Task objective: In the listing below, find the line containing "मृतक के परिजनों" and the line containing "1. Det fins". Repeat exactly those two lines and every line between them.

Input:
----------

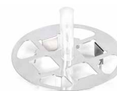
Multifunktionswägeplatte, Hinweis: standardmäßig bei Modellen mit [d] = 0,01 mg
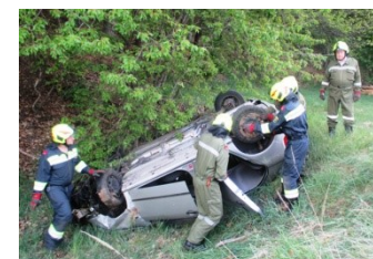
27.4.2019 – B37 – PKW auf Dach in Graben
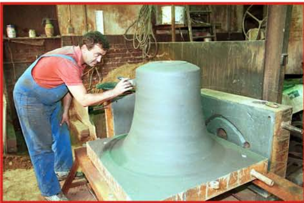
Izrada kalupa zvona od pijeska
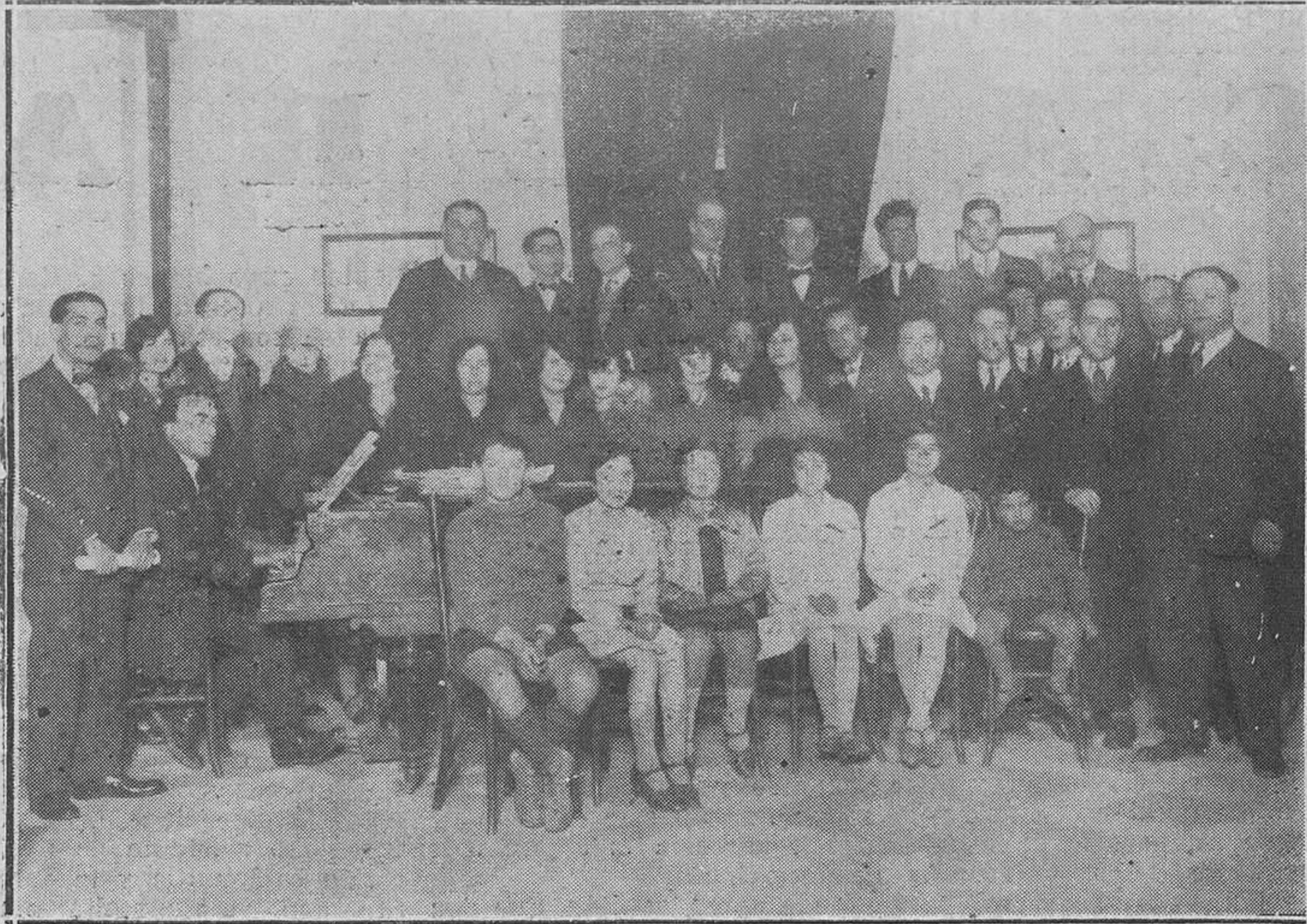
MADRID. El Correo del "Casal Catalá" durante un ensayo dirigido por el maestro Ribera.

----------

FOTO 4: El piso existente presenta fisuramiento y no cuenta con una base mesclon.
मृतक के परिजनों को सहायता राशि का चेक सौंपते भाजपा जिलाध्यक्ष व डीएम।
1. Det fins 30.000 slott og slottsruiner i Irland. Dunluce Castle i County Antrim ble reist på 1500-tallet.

----------

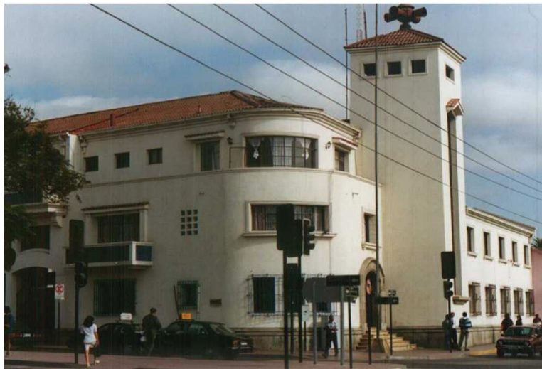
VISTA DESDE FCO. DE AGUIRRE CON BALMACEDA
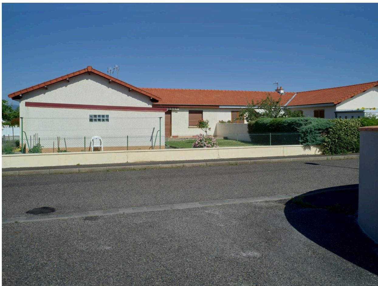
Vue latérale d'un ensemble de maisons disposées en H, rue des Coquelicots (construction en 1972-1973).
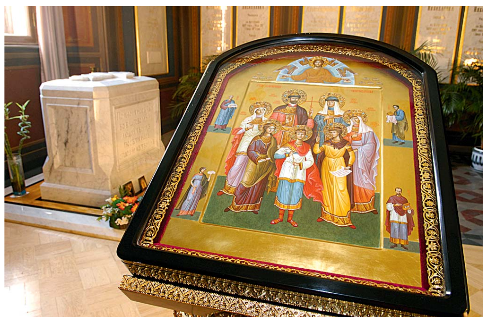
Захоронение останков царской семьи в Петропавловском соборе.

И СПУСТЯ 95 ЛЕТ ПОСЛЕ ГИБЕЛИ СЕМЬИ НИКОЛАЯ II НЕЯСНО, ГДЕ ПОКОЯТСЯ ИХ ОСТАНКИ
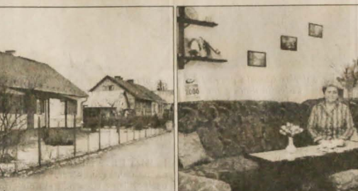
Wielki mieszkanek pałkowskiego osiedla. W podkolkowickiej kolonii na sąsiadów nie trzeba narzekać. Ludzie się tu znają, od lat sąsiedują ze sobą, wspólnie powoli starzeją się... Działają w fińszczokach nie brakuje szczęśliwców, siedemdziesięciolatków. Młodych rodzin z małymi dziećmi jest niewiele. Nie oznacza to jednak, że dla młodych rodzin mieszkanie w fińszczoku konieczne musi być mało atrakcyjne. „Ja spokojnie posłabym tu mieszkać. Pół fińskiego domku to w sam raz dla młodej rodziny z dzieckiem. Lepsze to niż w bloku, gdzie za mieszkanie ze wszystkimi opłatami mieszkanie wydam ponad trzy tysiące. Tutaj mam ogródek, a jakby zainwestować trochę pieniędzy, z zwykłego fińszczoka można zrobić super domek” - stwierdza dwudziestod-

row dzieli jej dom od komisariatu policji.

----------

Problem solution:
मृतक के परिजनों को सहायता राशि का चेक सौंपते भाजपा जिलाध्यक्ष व डीएम।
1. Det fins 30.000 slott og slottsruiner i Irland. Dunluce Castle i County Antrim ble reist på 1500-tallet.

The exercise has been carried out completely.